Thursday, February 23, 2012

Sermon for Ash Wednesday: Walking Dead and Dirty

"Walking Dead and Dirty"

Preached at House for All Sinners and Saints
Denver, Colorado
Ash Wednesday
22 February 2012

Texts: Joel 2.1-2, 12-17
Psalm 51.1-17
2 Corinthians 5.20-6.10
Matthew 6.1-6, 16-21


~

-For those of you who are new to Ash Wednesday and Lent, and wondering what to give up; or if you’re intimidated by all the “spiritual ninjas” and people reading 800 page Russian novels, let an old pro share a trade secret with you: try just giving up something you don’t like. “What’s my Lenten discipline? I think I’ll give up...doing the dishes…or drinking bad coffee…or watching Fox News!” You might feel like a bratty two-year old; but you’re guaranteed to feel a lot less guilt.

-If I was a two-year old again, I know exactly what I would “give up:” finger-painting. It would be a tough sacrifice. But worth it for the love of Jesus.

-I hated finger-painting. Hated anything, really, that required me to get icky and slimy. If you’d have asked me back in the day to help impose dirty ashes on people, I’d have said hell no. My parents joked that when I got married, they’d buy me china plates that had those little divider compartments built into it so I could keep my food neatly separated. I'm still waiting for them to come in the mail.

-And while I can stand before you today proudly able to share that I now feel perfectly comfortable smearing dirt on your foreheads, it’s made me think about today’s psalm. Because my automysophobic younger self wasn’t the only one looking for cleanliness. The Psalmist David gives voice to his desperate longing to be “washed thoroughly from his iniquity.”

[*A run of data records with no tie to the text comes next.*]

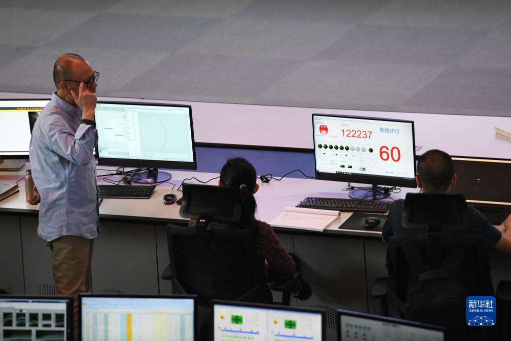 4月12日,EAST物理實(shí)驗總負責人龔先祖(左一)在實(shí)驗過(guò)程中與同事交流。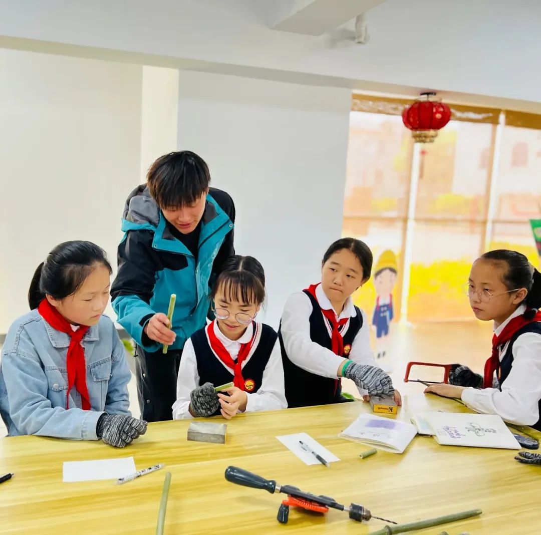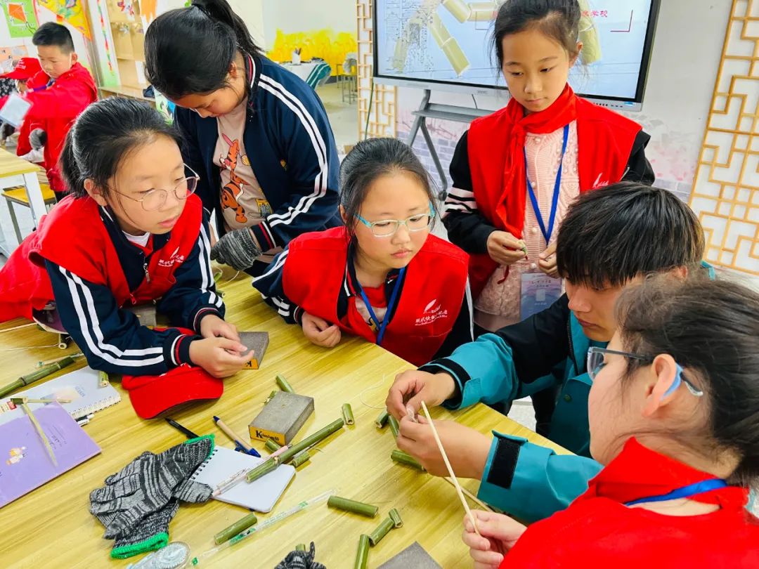 制作环节,小记者们摩拳擦掌,迫不及待地准备动手制作。大家分工明确,有的取一截竹子,按照比例聚精会神地锯着竹子,有的拿起锯好的小竹管仔仔细细地打磨,还有的在老师指导下学习如何将使用钻孔工具……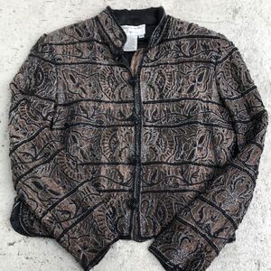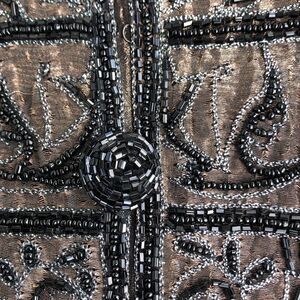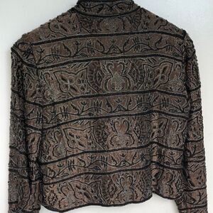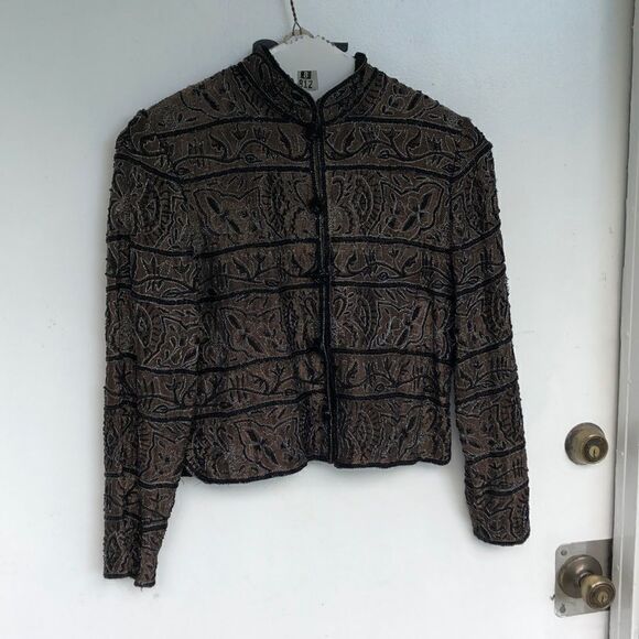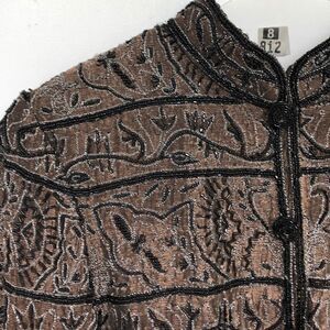 This is a beautiful bronze finish with black and silver beating jacket. The button work is exquisite. I hook closures. This is a great vintage piece to either dress it up or dress it down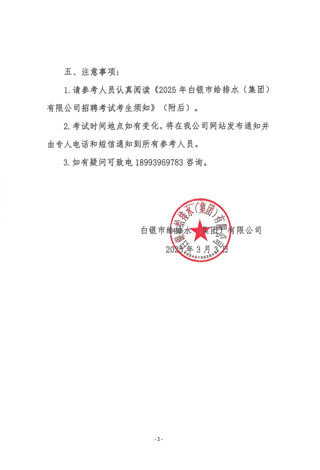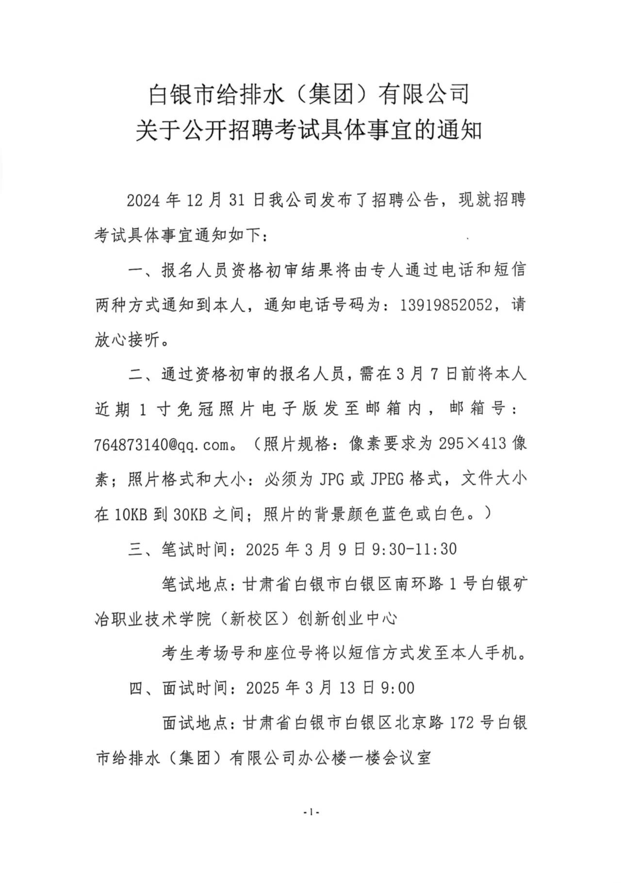 白銀市給排水(集團(tuán))有限公司關(guān)于公開(kāi)招聘考試具體事宜的通知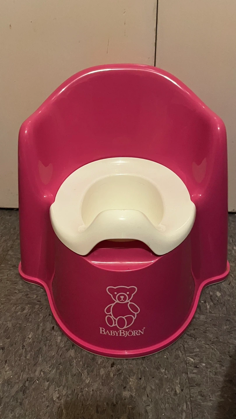 This is a BabyBjörn potty chair in pink. It's designed for toddlers learning to use the toilet. Made of durable plastic, it's easy to clean and has a comfortable seat.

-And for good reason. As Leonard Cohen sings in a song-that-must-not-be-named now that it's Lent, the great king and hero of Israel, like so many great leaders, was also great at making scandal. This time around, David saw the beautiful Bathsheba bathing on her roof, lures her to the palace where he promptly gets her pregnant, and then sends her husband to the front lines in the war to get killed off. And when the prophet Nathan calls him out, David is contrite and writes the very song we sang to open tonight’s service. Pleading with his God, “create in me a clean heart.”

-For all his rep as a “man after God’s heart,” this gangster version, this Kingpin David feels more real (except for the whole giving your lover's husband a cement bath in the river thing). It feels strangely fitting to pray his words. The words of a fellow sinner.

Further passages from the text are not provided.